Schwarz was President of the International Society for Soilless Cultures (ISOSC), and founder of the Natural Sciences Department of Teacher Education at the Jerusalem College and the Jerusalem College of Technology. He also served as President of The International Society of Religious Researchers.

==Public activities==
Since 1988, as the Director of the Synagogue Memorial and Beit Ashkenaz organizations in Jerusalem, Schwarz has led a project to publish memorial books for the former synagogues of Germany and Austria, and the Jewish communities who built them. He worked with international partners and universities in this capacity. Eight memorial books have been published thus far.

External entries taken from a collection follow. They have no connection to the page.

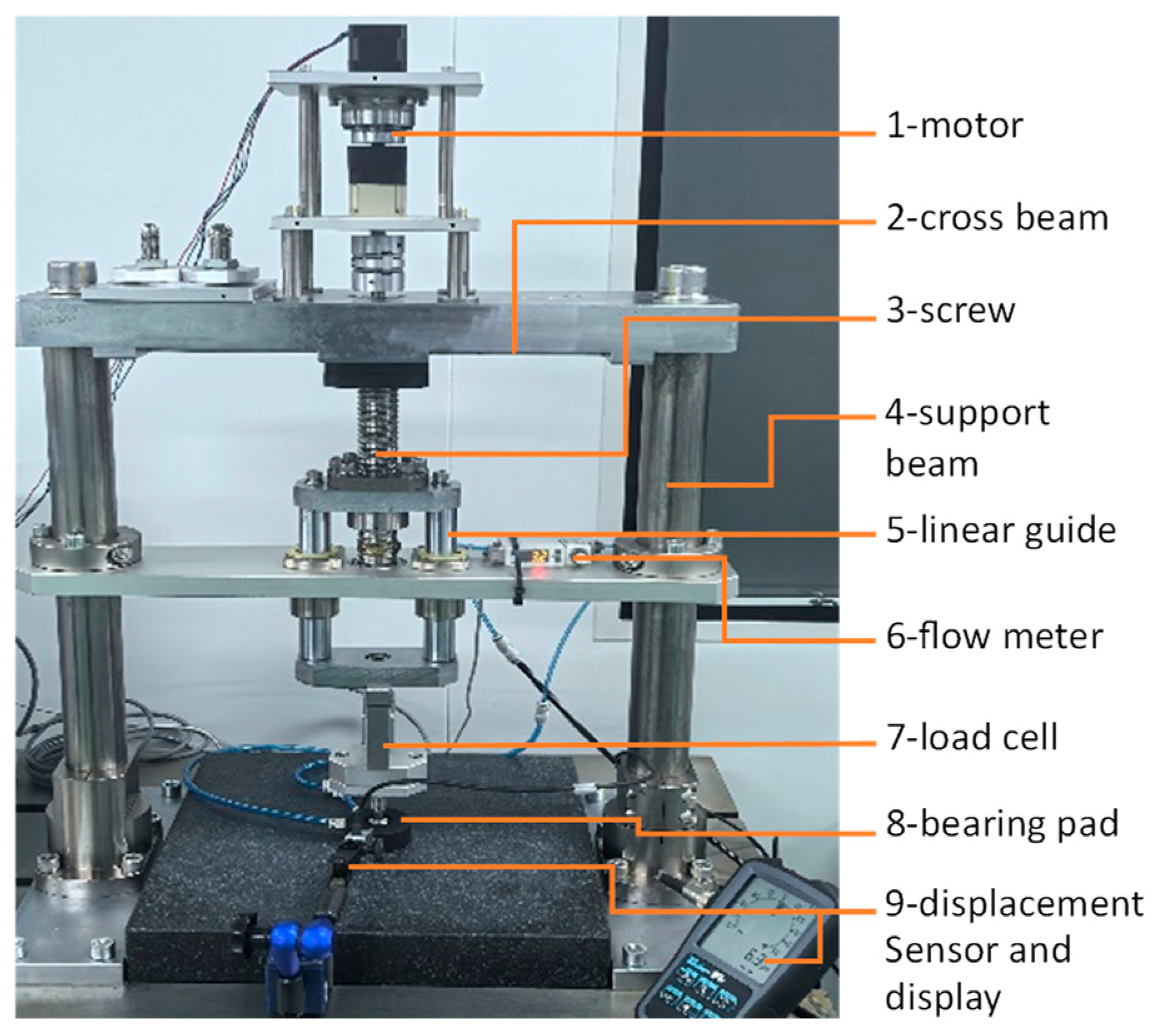 - It was numerically and experimentally demonstrated that micro-hole-restricted air bearings can achieve high load capacity and high stiffness, having the potential for application in more complex air bearing designs and systems.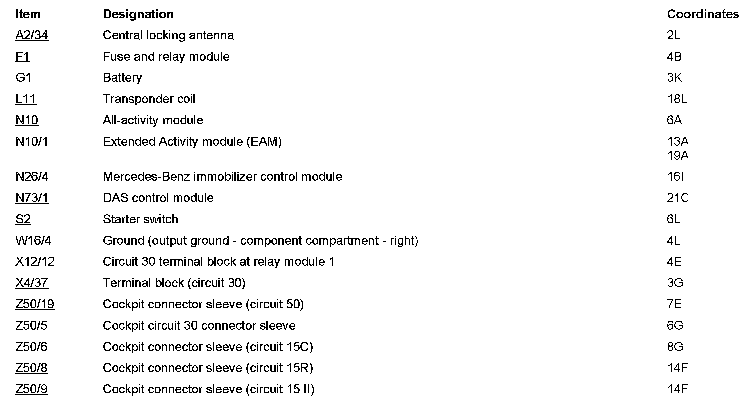 Component Description/Coordinates, A2/34 to Z50/9: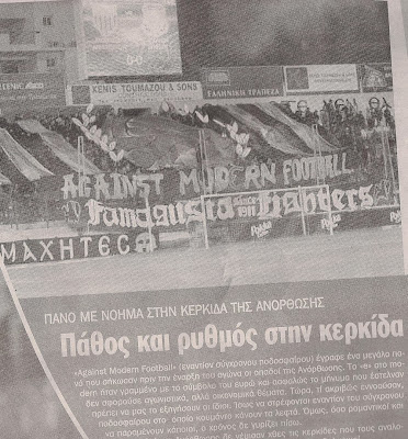 Στα αξιοσημείωτα της χρονιάς, ήταν ο χαρακτηρισμός “ρομαντικοί” που λάβαμε σε ένα δημοσιεύμα εφημερίδας, μετά από μια είσοδο που ετοιμάσαμε με σλόγκαν “Ενάντια στο Μοντέρνο Ποδόσφαιρο”.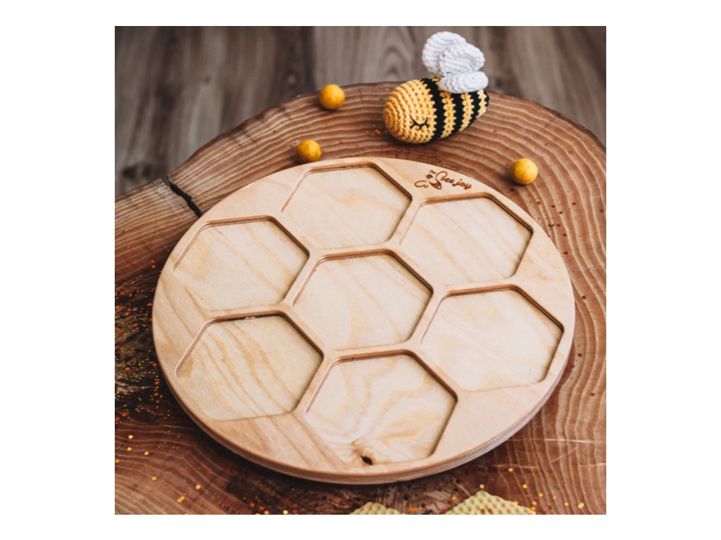 Dřevěný tác! Tak jednoduchá věc, ale tolik možností! Dřevěný podnos v podobě plástve zajistí především pořádek a estetiku po hře s malou sadou senzorických desek. A nejen to! Zásobník můžete využít i pro zábavu například jako základnu pro hraní s naléváním všemožných sypkých materiálů, pro učení psaní, pro počítání, pro třídění panelů podle hmatových vjemů atd.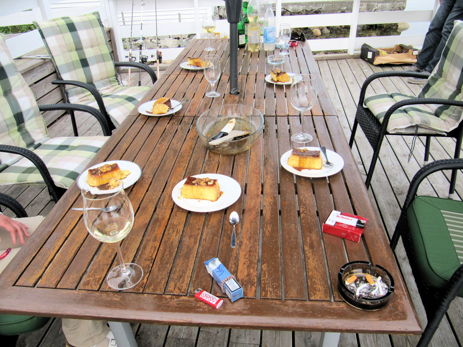 Der zweite Teil dieses Tages bestand aus Essen: Heidi hatte zwei Karamellpudding gemacht, einen haben wir unmittelbar nach Ankunft mit einem Kaffee genossen. "Nebenbei" setze Heidi dann Får i Kol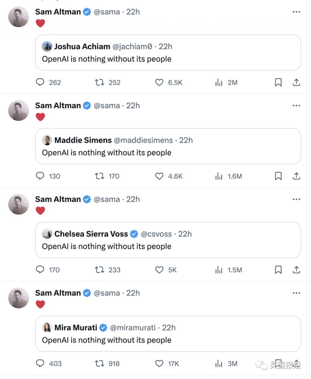 20 日凌晨,众多员工在 X 上为这位前老板的新机会而兴奋。他们写下:没有员工,OpenAI 将一无是处。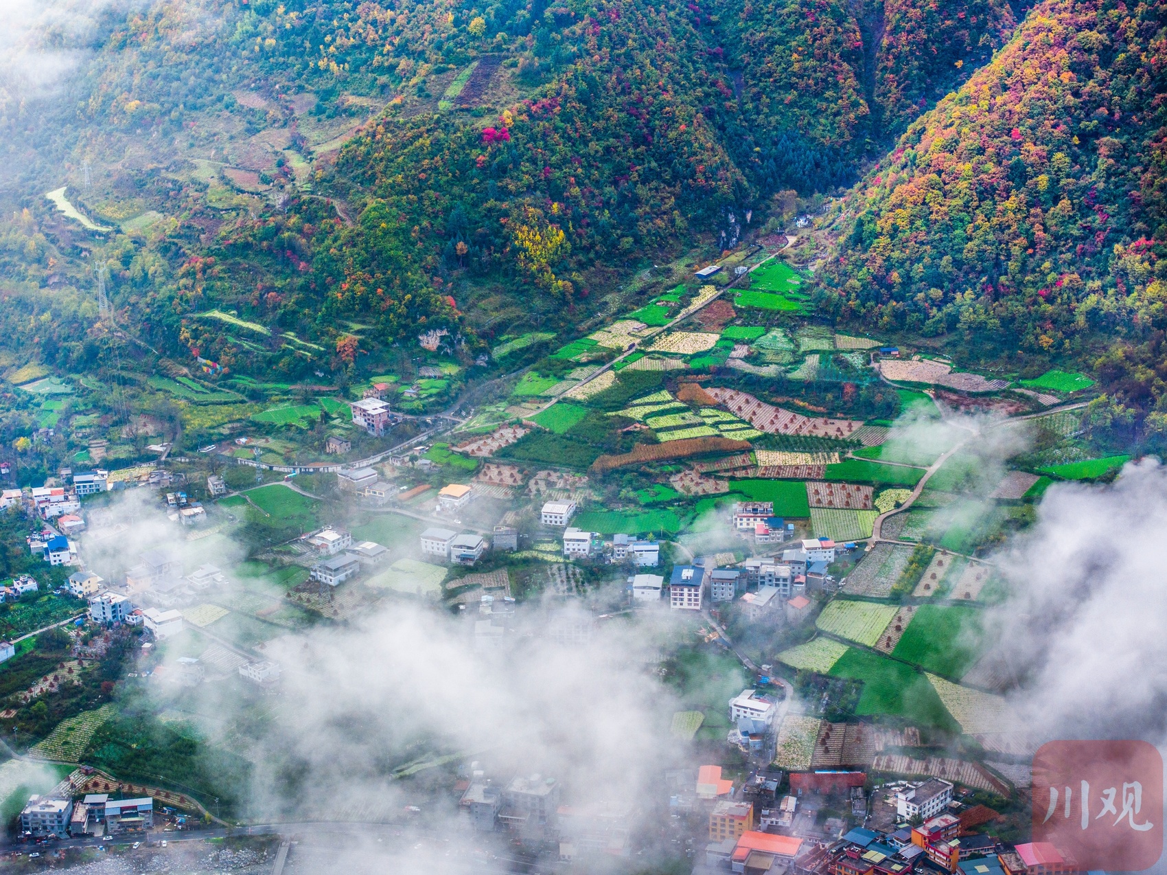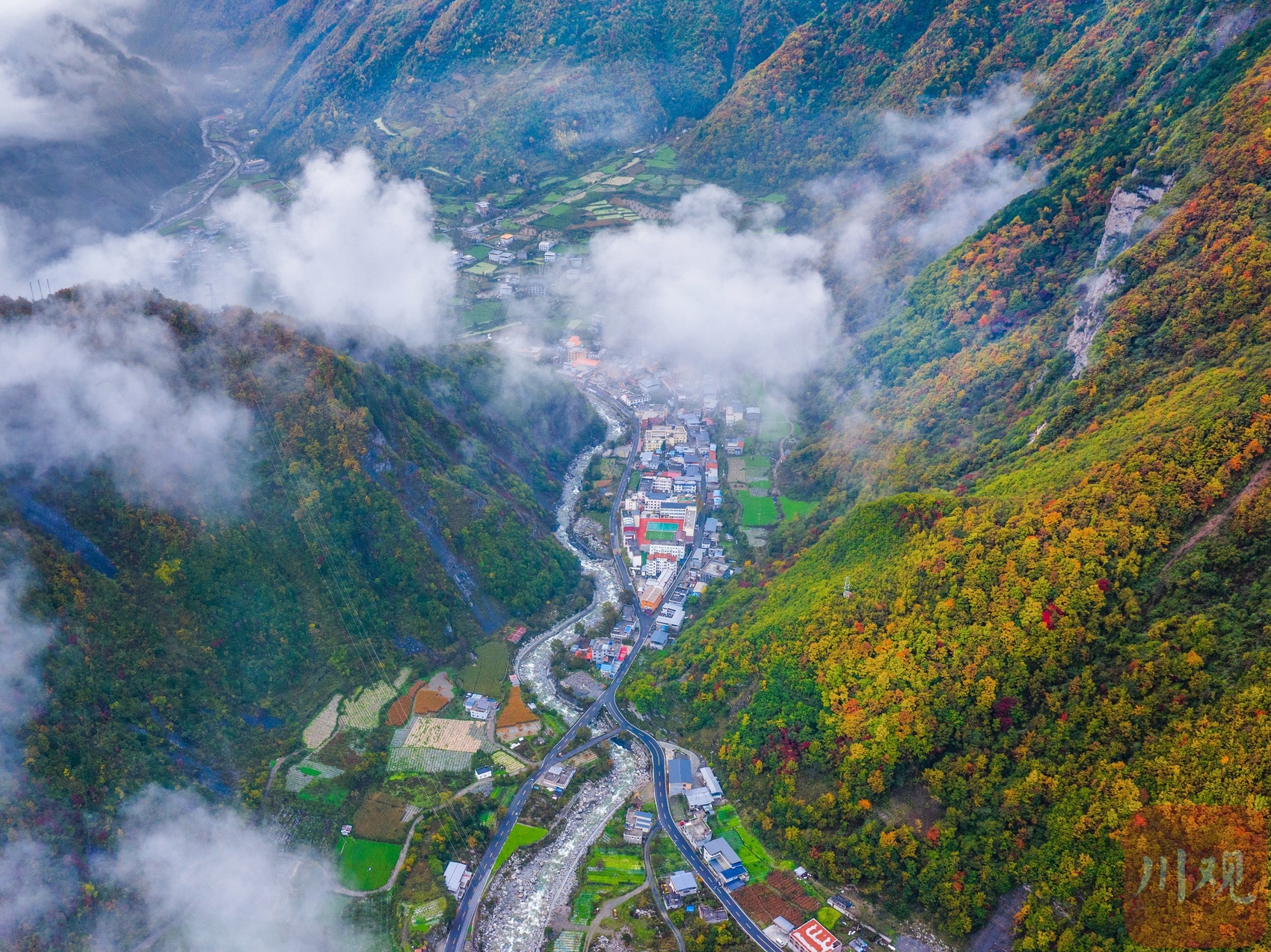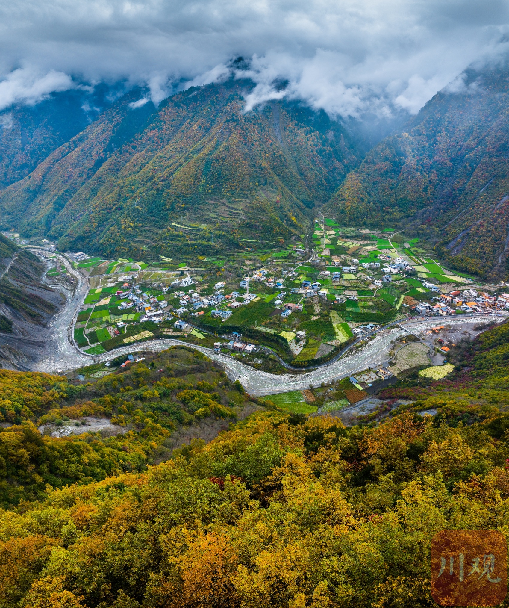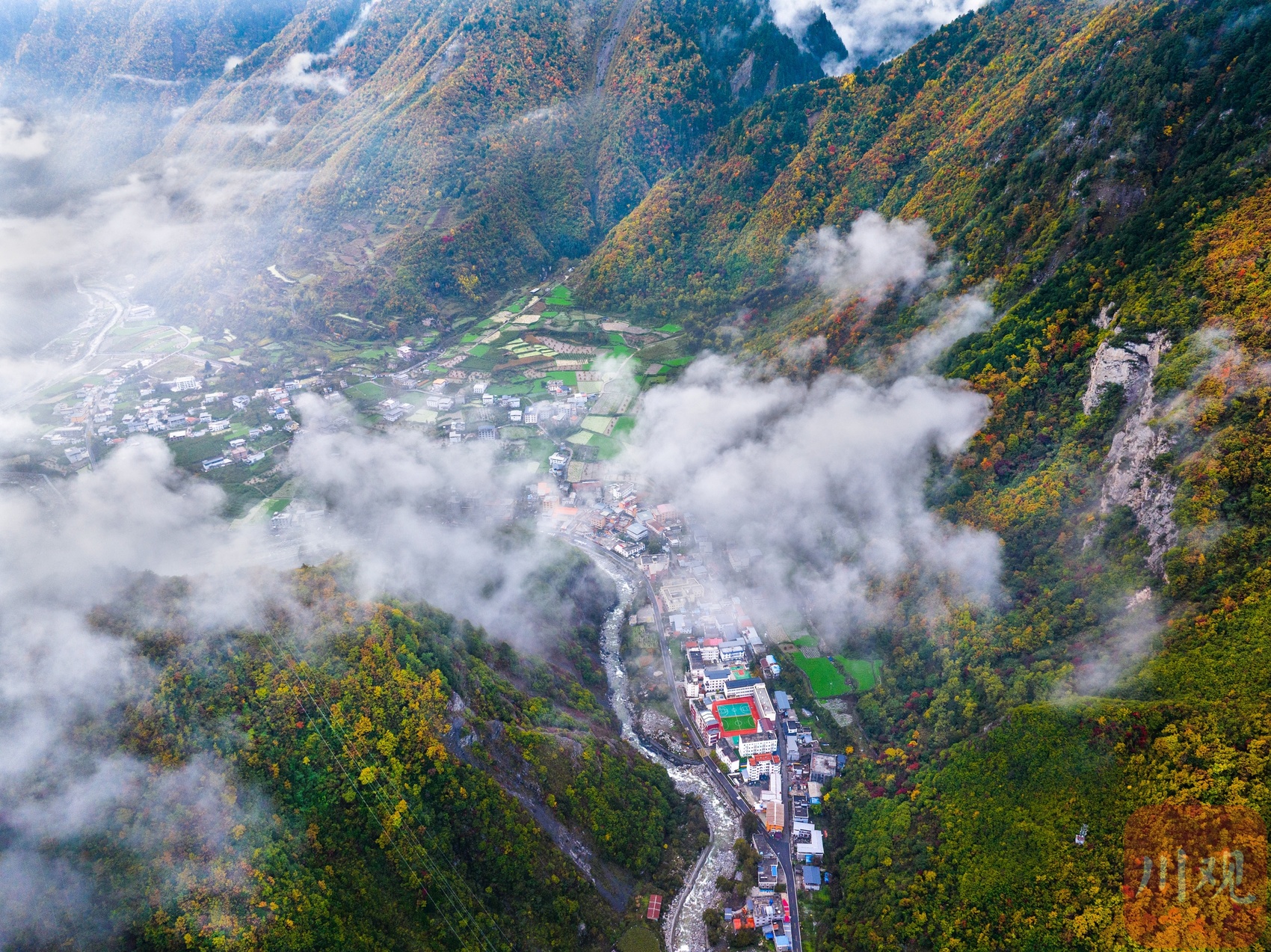十月下旬,阿坝州理县孟屯河谷在秋天的晨雾中醒来了。群山环绕,大片大片的高山草甸已经浓墨重彩,漫山林叶披上盛装。河谷内流水徐徐,谷中的民居村庄静静卧在群山的怀抱中,安详静谧,人与自然的和谐画卷仿若一幅大师的杰作!

Schwarz was a representative of CENTRA, the organization of Jewish-German immigrants to Israel who arrived in the 1930s. He represented the survivors of German origin in the Union of Survivor Organization and Yad Vashem.

==Published works==
More than 70 scientific reports and 12 books

==Awards and recognition==
- Bundesverdienstkreuz 1. Klasse der Bundesrepublik Deutschland (Cross of Merit)
- In 2001, he received the Yakir Yerushalayim Award (″Worthy Citizen of Jerusalem″) from the city of Jerusalem.